Honor Roll

Reuben F. Rios Sr.

Officer Reuben F. Rios’ life was ended by the type of person he had dedicated his life to do battle against – a drunk driver. Prosecutors filed murder charges against Thomas E. Marquez, 34, who ran down Rios on October 27 in Devore while he was directing traffic following a rock concert. Rios suffered major head injuries and died after being airlifted to a hospital.

Marquez was charged with second-degree murder and felony drunken driving. Tests indicated that he had a blood-alcohol content of .14. He had previously been convicted of drunken driving in 1991.

It was the first time a CHP officer in San Bernardino County died on duty since 1973.

Rios, a 24-year veteran of the San Bernardino CHP, was named Officer of the Year for 1995. He gave speeches at local alcohol and drug rehabilitation centers and gave traffic safety presentations to many local groups including Mothers Against Drunk Drivers.

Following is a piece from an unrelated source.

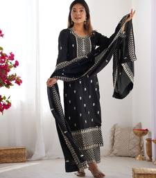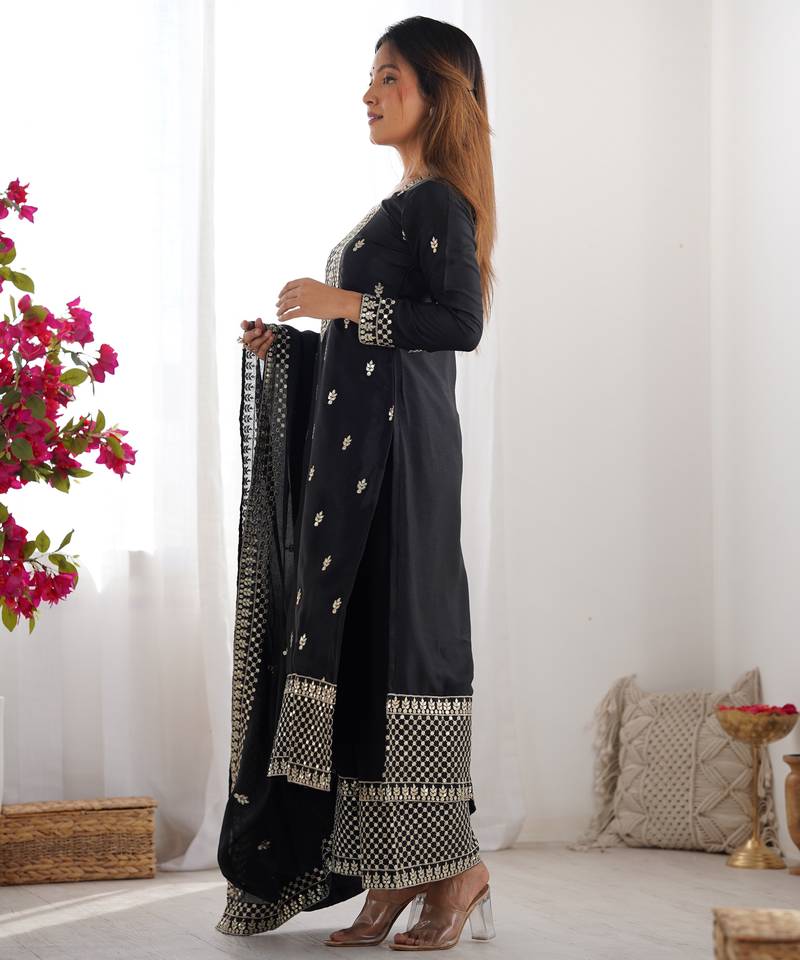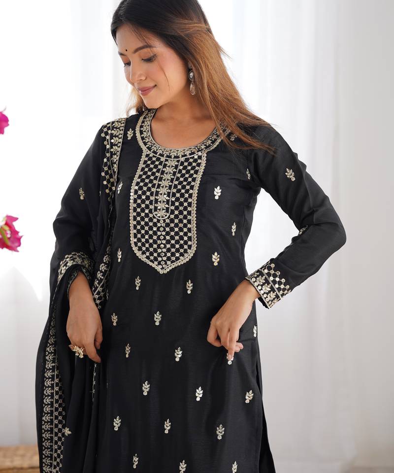 | Product Name | Black Color Chinon Silk Three Piece Kurti Suit | |

Every year, Rios attended candlelight vigils held by Mothers Against Drunk Drivers to remember the victims of drunken drivers. He booked a lot of drunken drivers in his career.

Retired CHP officer Tony Hernandez said “It’s ironic that one of these idiots would be the one to take him out.”

Rios was regarded as a role model for many of the department’s officers. He was honored twice this year as Officer of the Year – first by the Latino Peace Officers Association and later by VFW Post 8737 and the Ladies Auxiliary.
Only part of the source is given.